No correction for multiple testing was made in the statistical analysis. Although the study addressed several outcomes, the current authors were unable to predict in which ones a clear treatment effect would be found.
Hospitalisations
Number of hospitalisations, and number of hospital days were calculated according to time in the study and normalised per year. ICU admissions and length of stay were also considered. In order to take into account hospitalisation frequency before the start of the study, previous hospitalisations·yr−1 and hospital days·yr−1 were provided and considered as “baseline”. Two linear models were utilised to compare these rates between groups. ANOVA was used to compare groups on differences in rates from “baseline” (prestudy values); analysis of covariance was used to adjust study rates according to “baseline” rates, so testing differences in group rates conditionally to equal overall “baseline” values.
Survival analysis
Differences in survival rates between groups were evaluated with the Kaplan-Meier approach. The Wilcoxon and log-rank tests of equality over strata were utilised.
Drop-out rate
In order to compare treatment groups on the length of time patients remained in the study, a Kaplan-Meier approach was used. Log-rank and Wilcoxon tests were utilised to compare drop-outs between groups.
General considerations
All tests were considered two tailed, with α=0.05, without correction for multiple testing.
Results
Randomisation
The trial profile is shown in figure 1⇓. Among the 122 patients included in the study, six were excluded from randomisation because they did not meet criteria for postbronchodilator reversibility, another 26 were excluded as they showed a Pa,CO2 change >10% of baseline value at the end of the run-in period. Characteristics of 90 patients randomised after run-in (not including four early drop-outs) are shown in table 2⇓. At M0 there were no significant differences between groups. Early drop-outs were not different from other subjects.
Treatment compliance
Mean daily LTOT use was 19±1 and 20±2 h in NPPV and LTOT groups, respectively. Mean daily use of ventilator in the compliant patients of the NPPV group was 9±2 h. On average, the NPPV setting was: IPAP 14±3 and EPAP 2±1 cmH2O, respectively.

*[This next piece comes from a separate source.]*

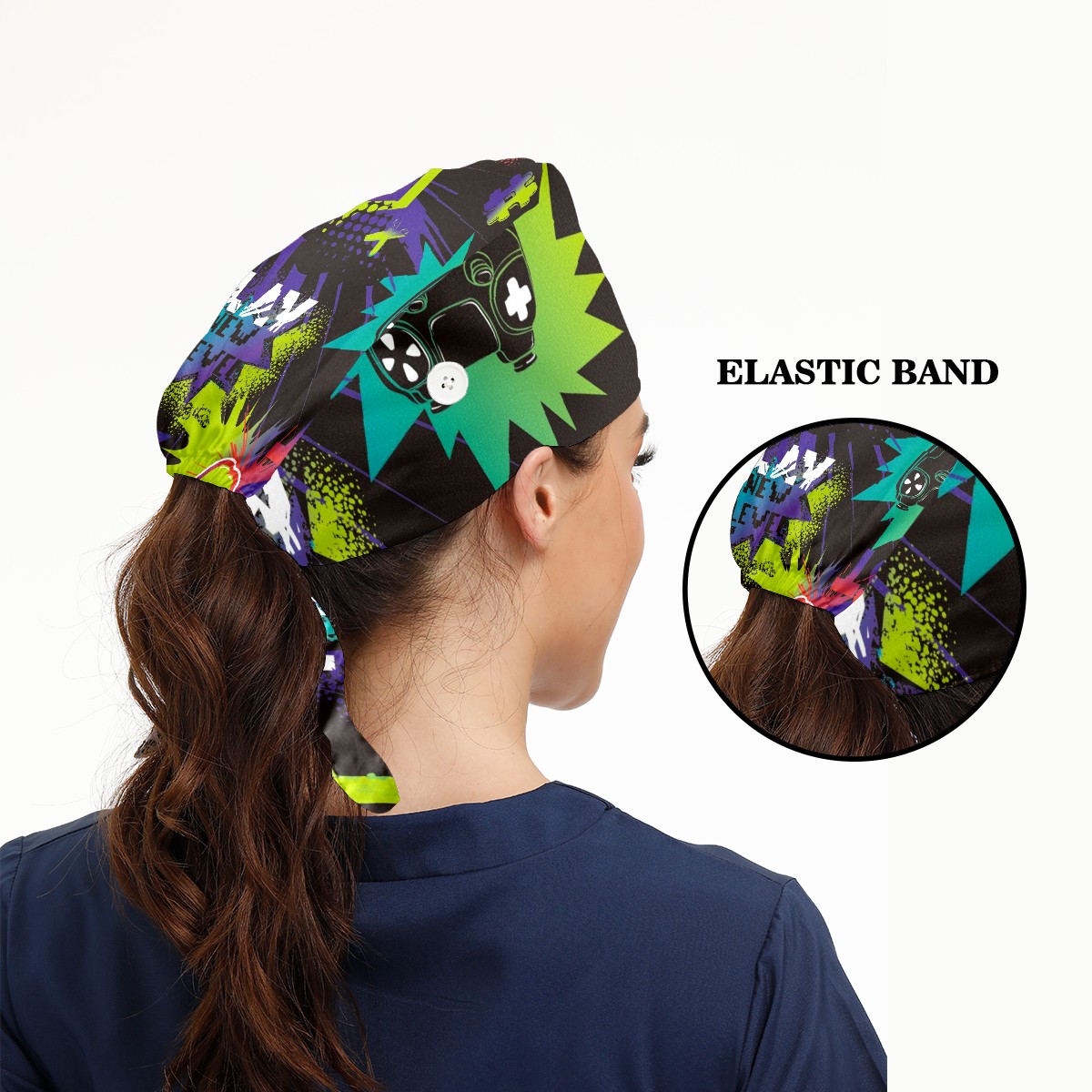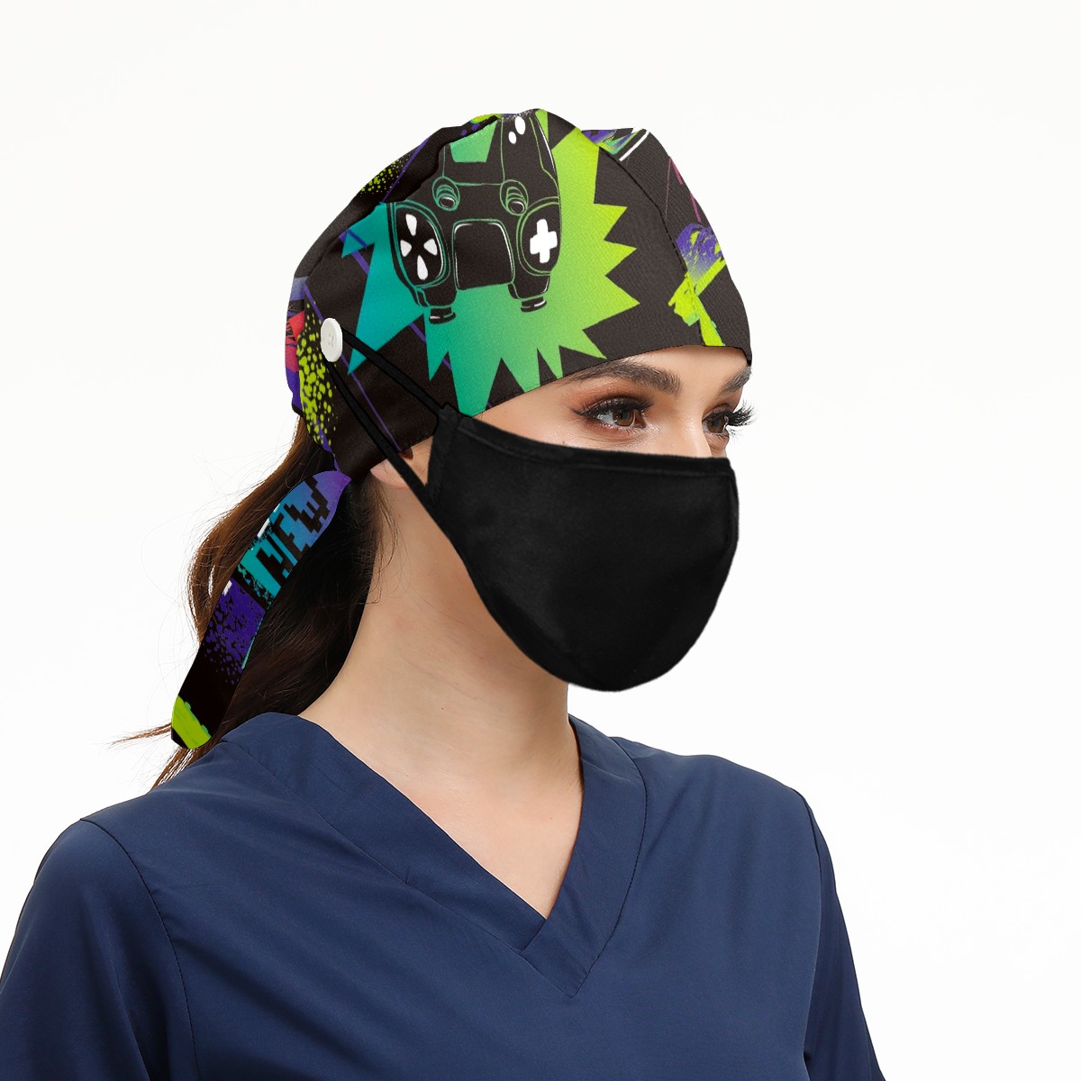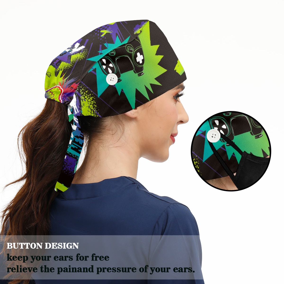 Working Caps with Button & Sweatband Satin Lined Cotton Adjustable Nurse Hats Elastic Band Scrub Cap Surgeon Hat Gamepad Game Joystick

Drop-out and survival rates
The drop-out rate during follow-up was similar in the two groups. Eight and 15 patients dropped out in the NPPV and LTOT groups, respectively: causes were related to noncompliance to oxygen (one patient among LTOT) or to ventilator use (three patients among NPPV), voluntary withdrawal from the study (four and two patients in LTOT and NPPV, respectively), new diagnosed neoplasm (two and one patients in LTOT and NPPV, respectively), lost to follow-up (seven and one patients in LTOT and NPPV, respectively), tracheostomy (one patient in both LTOT and NPPV groups). Baseline characteristics of drop-outs of either group were not different from those of patients completing the study.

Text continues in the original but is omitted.